### Exercise data
++++
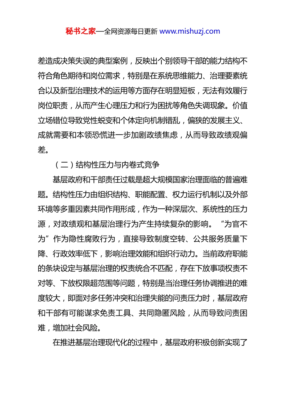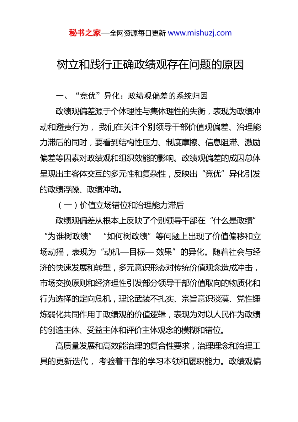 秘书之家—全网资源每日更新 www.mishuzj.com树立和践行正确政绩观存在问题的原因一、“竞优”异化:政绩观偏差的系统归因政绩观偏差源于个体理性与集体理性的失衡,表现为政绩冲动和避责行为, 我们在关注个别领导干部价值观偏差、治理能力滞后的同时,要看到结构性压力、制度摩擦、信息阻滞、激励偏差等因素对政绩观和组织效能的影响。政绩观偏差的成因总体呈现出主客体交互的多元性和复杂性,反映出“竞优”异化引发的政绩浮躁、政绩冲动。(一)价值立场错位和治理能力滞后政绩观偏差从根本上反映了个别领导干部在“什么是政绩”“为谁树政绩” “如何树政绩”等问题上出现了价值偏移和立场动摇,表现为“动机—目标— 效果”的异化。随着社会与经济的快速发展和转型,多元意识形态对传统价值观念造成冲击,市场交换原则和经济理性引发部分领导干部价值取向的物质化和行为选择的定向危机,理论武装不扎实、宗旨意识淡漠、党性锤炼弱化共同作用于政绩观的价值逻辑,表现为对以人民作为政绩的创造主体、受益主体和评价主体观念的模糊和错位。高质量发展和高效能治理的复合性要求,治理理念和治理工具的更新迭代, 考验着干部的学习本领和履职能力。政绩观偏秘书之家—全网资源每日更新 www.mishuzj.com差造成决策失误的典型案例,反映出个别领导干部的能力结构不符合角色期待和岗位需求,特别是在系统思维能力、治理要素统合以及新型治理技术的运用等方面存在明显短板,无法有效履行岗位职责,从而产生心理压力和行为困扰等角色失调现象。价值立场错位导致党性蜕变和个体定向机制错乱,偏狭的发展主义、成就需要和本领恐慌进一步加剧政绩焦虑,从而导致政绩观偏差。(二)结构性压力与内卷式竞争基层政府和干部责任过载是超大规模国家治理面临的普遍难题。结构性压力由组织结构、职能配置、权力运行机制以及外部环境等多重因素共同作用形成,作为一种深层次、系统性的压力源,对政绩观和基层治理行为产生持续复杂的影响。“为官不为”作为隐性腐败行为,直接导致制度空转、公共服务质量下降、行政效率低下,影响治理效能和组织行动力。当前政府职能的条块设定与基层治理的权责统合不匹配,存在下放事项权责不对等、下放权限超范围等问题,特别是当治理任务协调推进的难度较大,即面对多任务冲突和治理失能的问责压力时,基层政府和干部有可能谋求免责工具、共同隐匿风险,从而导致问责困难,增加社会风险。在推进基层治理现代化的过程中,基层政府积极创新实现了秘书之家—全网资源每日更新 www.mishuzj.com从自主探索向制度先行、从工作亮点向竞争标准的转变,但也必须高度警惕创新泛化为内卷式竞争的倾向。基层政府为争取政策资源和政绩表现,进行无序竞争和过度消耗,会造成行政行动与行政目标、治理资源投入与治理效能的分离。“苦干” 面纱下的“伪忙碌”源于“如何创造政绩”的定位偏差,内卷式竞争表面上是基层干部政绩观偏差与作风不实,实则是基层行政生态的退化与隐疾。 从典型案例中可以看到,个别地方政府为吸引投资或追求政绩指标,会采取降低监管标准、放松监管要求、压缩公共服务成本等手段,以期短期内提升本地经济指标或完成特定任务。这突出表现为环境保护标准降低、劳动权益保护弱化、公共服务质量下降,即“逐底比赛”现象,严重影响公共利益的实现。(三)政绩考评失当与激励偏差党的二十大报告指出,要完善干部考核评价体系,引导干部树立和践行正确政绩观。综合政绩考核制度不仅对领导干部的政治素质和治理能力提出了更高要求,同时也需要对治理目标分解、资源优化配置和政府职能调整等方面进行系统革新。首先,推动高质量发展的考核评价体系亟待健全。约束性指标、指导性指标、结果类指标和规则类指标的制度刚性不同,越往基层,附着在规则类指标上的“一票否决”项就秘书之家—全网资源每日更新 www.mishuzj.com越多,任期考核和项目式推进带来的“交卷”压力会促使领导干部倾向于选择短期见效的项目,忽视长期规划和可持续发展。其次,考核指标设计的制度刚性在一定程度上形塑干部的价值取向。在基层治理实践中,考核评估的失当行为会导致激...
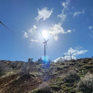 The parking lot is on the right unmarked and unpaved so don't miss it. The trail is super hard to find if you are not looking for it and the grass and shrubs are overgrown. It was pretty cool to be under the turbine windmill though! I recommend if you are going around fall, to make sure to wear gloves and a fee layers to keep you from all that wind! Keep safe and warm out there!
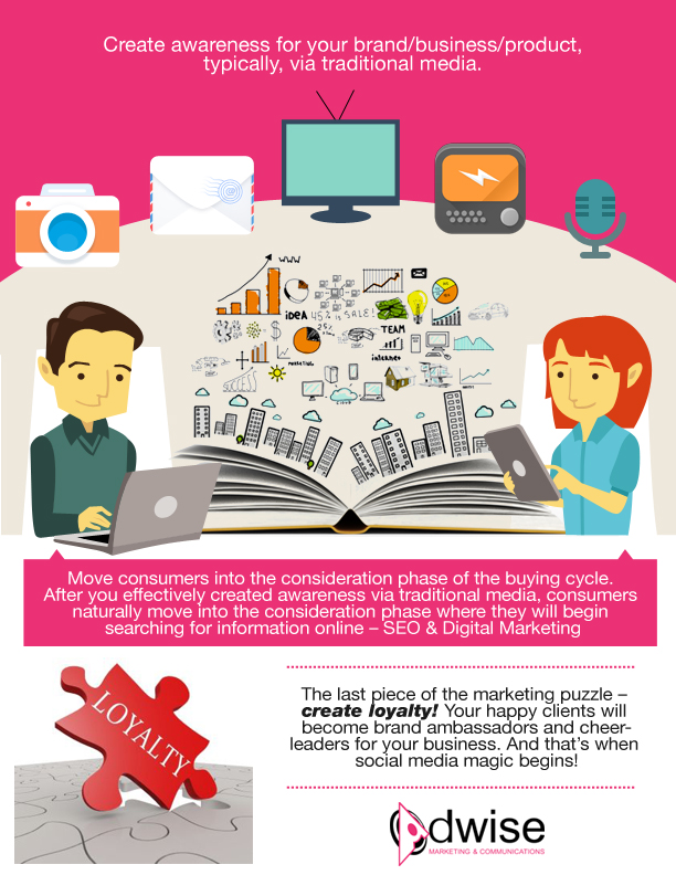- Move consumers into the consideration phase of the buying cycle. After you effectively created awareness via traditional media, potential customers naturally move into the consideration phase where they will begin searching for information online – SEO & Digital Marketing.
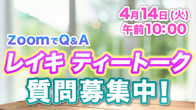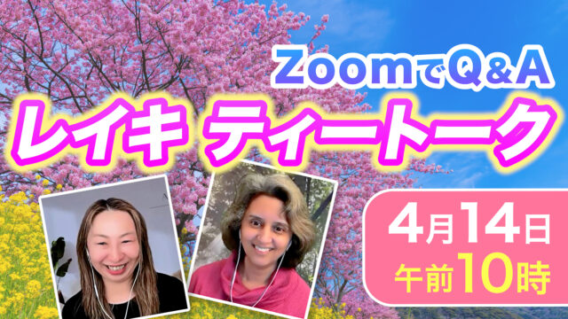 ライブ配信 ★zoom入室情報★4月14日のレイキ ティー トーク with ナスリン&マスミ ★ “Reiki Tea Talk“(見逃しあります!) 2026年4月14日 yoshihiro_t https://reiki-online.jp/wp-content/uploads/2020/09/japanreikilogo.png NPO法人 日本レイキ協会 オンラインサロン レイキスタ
++++
### Problem to solve
Could you return the whole listing exactly, with every picture removed?

### Written reply
 秘书之家—全网资源每日更新 www.mishuzj.com树立和践行正确政绩观存在问题的原因一、“竞优”异化:政绩观偏差的系统归因政绩观偏差源于个体理性与集体理性的失衡,表现为政绩冲动和避责行为, 我们在关注个别领导干部价值观偏差、治理能力滞后的同时,要看到结构性压力、制度摩擦、信息阻滞、激励偏差等因素对政绩观和组织效能的影响。政绩观偏差的成因总体呈现出主客体交互的多元性和复杂性,反映出“竞优”异化引发的政绩浮躁、政绩冲动。(一)价值立场错位和治理能力滞后政绩观偏差从根本上反映了个别领导干部在“什么是政绩”“为谁树政绩” “如何树政绩”等问题上出现了价值偏移和立场动摇,表现为“动机—目标— 效果”的异化。随着社会与经济的快速发展和转型,多元意识形态对传统价值观念造成冲击,市场交换原则和经济理性引发部分领导干部价值取向的物质化和行为选择的定向危机,理论武装不扎实、宗旨意识淡漠、党性锤炼弱化共同作用于政绩观的价值逻辑,表现为对以人民作为政绩的创造主体、受益主体和评价主体观念的模糊和错位。高质量发展和高效能治理的复合性要求,治理理念和治理工具的更新迭代, 考验着干部的学习本领和履职能力。政绩观偏秘书之家—全网资源每日更新 www.mishuzj.com差造成决策失误的典型案例,反映出个别领导干部的能力结构不符合角色期待和岗位需求,特别是在系统思维能力、治理要素统合以及新型治理技术的运用等方面存在明显短板,无法有效履行岗位职责,从而产生心理压力和行为困扰等角色失调现象。价值立场错位导致党性蜕变和个体定向机制错乱,偏狭的发展主义、成就需要和本领恐慌进一步加剧政绩焦虑,从而导致政绩观偏差。(二)结构性压力与内卷式竞争基层政府和干部责任过载是超大规模国家治理面临的普遍难题。结构性压力由组织结构、职能配置、权力运行机制以及外部环境等多重因素共同作用形成,作为一种深层次、系统性的压力源,对政绩观和基层治理行为产生持续复杂的影响。“为官不为”作为隐性腐败行为,直接导致制度空转、公共服务质量下降、行政效率低下,影响治理效能和组织行动力。当前政府职能的条块设定与基层治理的权责统合不匹配,存在下放事项权责不对等、下放权限超范围等问题,特别是当治理任务协调推进的难度较大,即面对多任务冲突和治理失能的问责压力时,基层政府和干部有可能谋求免责工具、共同隐匿风险,从而导致问责困难,增加社会风险。在推进基层治理现代化的过程中,基层政府积极创新实现了秘书之家—全网资源每日更新 www.mishuzj.com从自主探索向制度先行、从工作亮点向竞争标准的转变,但也必须高度警惕创新泛化为内卷式竞争的倾向。基层政府为争取政策资源和政绩表现,进行无序竞争和过度消耗,会造成行政行动与行政目标、治理资源投入与治理效能的分离。“苦干” 面纱下的“伪忙碌”源于“如何创造政绩”的定位偏差,内卷式竞争表面上是基层干部政绩观偏差与作风不实,实则是基层行政生态的退化与隐疾。 从典型案例中可以看到,个别地方政府为吸引投资或追求政绩指标,会采取降低监管标准、放松监管要求、压缩公共服务成本等手段,以期短期内提升本地经济指标或完成特定任务。这突出表现为环境保护标准降低、劳动权益保护弱化、公共服务质量下降,即“逐底比赛”现象,严重影响公共利益的实现。(三)政绩考评失当与激励偏差党的二十大报告指出,要完善干部考核评价体系,引导干部树立和践行正确政绩观。综合政绩考核制度不仅对领导干部的政治素质和治理能力提出了更高要求,同时也需要对治理目标分解、资源优化配置和政府职能调整等方面进行系统革新。首先,推动高质量发展的考核评价体系亟待健全。约束性指标、指导性指标、结果类指标和规则类指标的制度刚性不同,越往基层,附着在规则类指标上的“一票否决”项就秘书之家—全网资源每日更新 www.mishuzj.com越多,任期考核和项目式推进带来的“交卷”压力会促使领导干部倾向于选择短期见效的项目,忽视长期规划和可持续发展。其次,考核指标设计的制度刚性在一定程度上形塑干部的价值取向。在基层治理实践中,考核评估的失当行为会导致激...
 The parking lot is on the right unmarked and unpaved so don't miss it. The trail is super hard to find if you are not looking for it and the grass and shrubs are overgrown. It was pretty cool to be under the turbine windmill though! I recommend if you are going around fall, to make sure to wear gloves and a fee layers to keep you from all that wind! Keep safe and warm out there!
- Move consumers into the consideration phase of the buying cycle. After you effectively created awareness via traditional media, potential customers naturally move into the consideration phase where they will begin searching for information online – SEO & Digital Marketing.
 ライブ配信 ★zoom入室情報★4月14日のレイキ ティー トーク with ナスリン&マスミ ★ “Reiki Tea Talk“(見逃しあります!) 2026年4月14日 yoshihiro_t https://reiki-online.jp/wp-content/uploads/2020/09/japanreikilogo.png NPO法人 日本レイキ協会 オンラインサロン レイキスタ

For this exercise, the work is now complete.